Estima-se que cerca de mil famílias (aproximadamente 4 mil pessoas) que dependem dos rios para pesca, agricultura e extrativismo tenham sido diretamente atingidas. Indiretamente, estima-se que até 17 mil moradores dos municípios de Pedra Branca do Amapari, Porto Grande, Ferreira Gomes e Cutias do Araguari tenham sido impactados. O MPF sustenta que houve omissão específica dos quatro entes públicos no dever de fiscalizar e desmobilizar estruturas clandestinas conhecidas.

O MPF requer que a Justiça determine, em caráter de urgência:

Que a União e o estado do Amapá elaborem, em até 90 dias, um Plano de Descontaminação, Mitigação e Recuperação Ambiental Integral da bacia do Rio Cupixi e de seus afluentes contaminados por metais pesados. Após a homologação judicial, a execução do plano deverá começar em até 60 dias, com custeio inicial pelos entes públicos;

Que a União, o estado do Amapá e o município de Pedra Branca do Amapari promovam, em até 180 dias, a descaracterização integral de seis barragens clandestinas localizadas na bacia do Rio Cupixi e nos rios Araguari e Amapari, conforme a legislação de segurança de barragens;

Que a União, a ANM e o estado do Amapá elaborem, em até 60 dias, um plano de fiscalização integrada e contínua para a região do garimpo São Domingos/Água Preta. Após a homologação judicial, a execução das ações de fiscalização deverá ter início em até 30 dias, com estrutura própria e permanente;

Que a União e o estado do Amapá iniciem, em até 10 dias, o monitoramento mensal contínuo da qualidade da água dos rios Cupixi e Araguari, com análises de metais pesados e garantia de potabilidade para as comunidades ribeirinhas afetadas;

Que a União, o estado do Amapá e o município de Pedra Branca do Amapari realizem, em até 30 dias, um levantamento completo e georreferenciado da população diretamente afetada pela contaminação por mercúrio. Ao final desse prazo, os entes deverão apresentar plano de fornecimento contínuo de água potável e alimentos, cuja execução deverá começar em até 15 dias após a homologação judicial, mantendo-se o atendimento até a completa descontaminação dos rios.

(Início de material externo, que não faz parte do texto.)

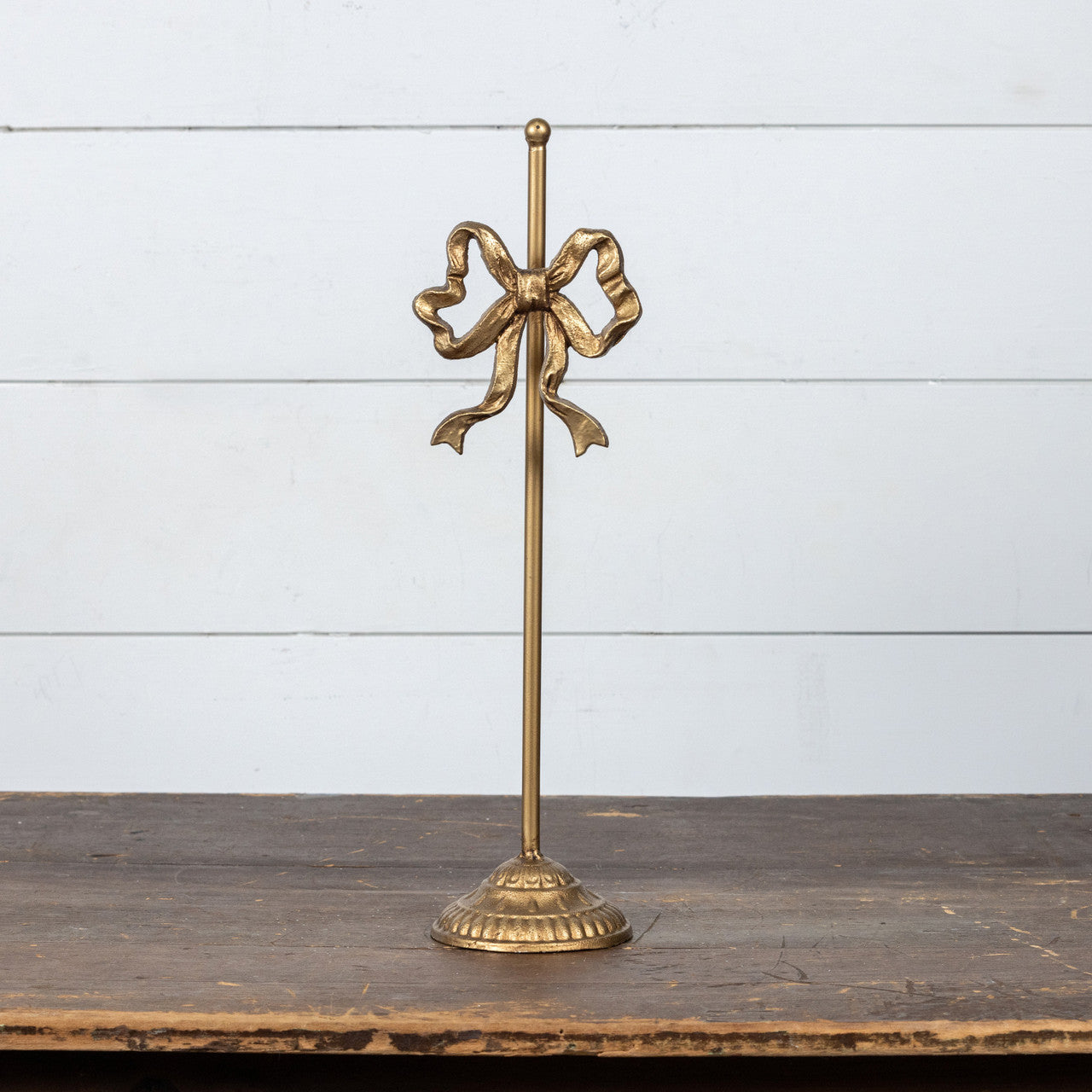 This 18.25" gold wreath stand with bow offers a refined display solution for your seasonal wreaths. Crafted in a sleek gold finish, it provides sturdy support while adding a touch of elegance. The decorative bow enhances its visual appeal, making it ideal for showcasing wreaths in both indoor and outdoor settings with professional style.

O MPF também requer, na sentença definitiva, a condenação solidária dos réus ao custeio integral da reparação e da recuperação ambiental dos rios e dos ecossistemas degradados. Além disso, pede a condenação ao pagamento de indenização por danos morais coletivos, no valor mínimo de R$51,6 milhões, em razão da extensão e da gravidade dos danos causados. Os recursos deverão ser revertidos a fundo público destinado à promoção das atividades ribeirinhas e extrativistas tradicionais, com aplicação direta na reparação socioambiental das comunidades afetadas.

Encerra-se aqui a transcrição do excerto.